● **Work to complete**
Each line of the data below from the one holding "3月26日,中国演艺设备技术" to the one holding "活动现场,赵广民为纺织服装学", inclusive, is to be reproduced exactly; no other line belongs in the answer.

● **Provided records**
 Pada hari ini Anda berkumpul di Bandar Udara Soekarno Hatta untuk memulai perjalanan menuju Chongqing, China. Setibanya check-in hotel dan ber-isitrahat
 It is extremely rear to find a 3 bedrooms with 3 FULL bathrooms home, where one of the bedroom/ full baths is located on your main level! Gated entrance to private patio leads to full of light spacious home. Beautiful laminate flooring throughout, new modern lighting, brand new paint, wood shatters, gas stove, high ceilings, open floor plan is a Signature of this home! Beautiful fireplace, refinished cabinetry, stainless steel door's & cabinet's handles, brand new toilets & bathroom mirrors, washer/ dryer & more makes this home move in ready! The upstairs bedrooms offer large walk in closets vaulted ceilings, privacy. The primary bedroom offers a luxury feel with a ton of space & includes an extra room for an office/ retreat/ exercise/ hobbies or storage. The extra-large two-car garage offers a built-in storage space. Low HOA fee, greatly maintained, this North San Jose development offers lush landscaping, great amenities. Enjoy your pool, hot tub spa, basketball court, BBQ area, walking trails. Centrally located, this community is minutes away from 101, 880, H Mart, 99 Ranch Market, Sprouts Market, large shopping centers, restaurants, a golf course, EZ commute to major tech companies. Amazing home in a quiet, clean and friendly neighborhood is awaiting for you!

==

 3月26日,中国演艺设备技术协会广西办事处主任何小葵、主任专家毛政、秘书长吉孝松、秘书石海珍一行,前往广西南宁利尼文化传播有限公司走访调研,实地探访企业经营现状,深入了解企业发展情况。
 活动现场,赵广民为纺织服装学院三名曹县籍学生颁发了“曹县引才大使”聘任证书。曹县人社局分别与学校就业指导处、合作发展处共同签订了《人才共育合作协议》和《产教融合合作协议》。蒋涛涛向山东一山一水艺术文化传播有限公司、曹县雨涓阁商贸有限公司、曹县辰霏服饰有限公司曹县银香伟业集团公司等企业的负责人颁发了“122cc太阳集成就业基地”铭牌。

● **Answer area**
 3月26日,中国演艺设备技术协会广西办事处主任何小葵、主任专家毛政、秘书长吉孝松、秘书石海珍一行,前往广西南宁利尼文化传播有限公司走访调研,实地探访企业经营现状,深入了解企业发展情况。
 活动现场,赵广民为纺织服装学院三名曹县籍学生颁发了“曹县引才大使”聘任证书。曹县人社局分别与学校就业指导处、合作发展处共同签订了《人才共育合作协议》和《产教融合合作协议》。蒋涛涛向山东一山一水艺术文化传播有限公司、曹县雨涓阁商贸有限公司、曹县辰霏服饰有限公司曹县银香伟业集团公司等企业的负责人颁发了“122cc太阳集成就业基地”铭牌。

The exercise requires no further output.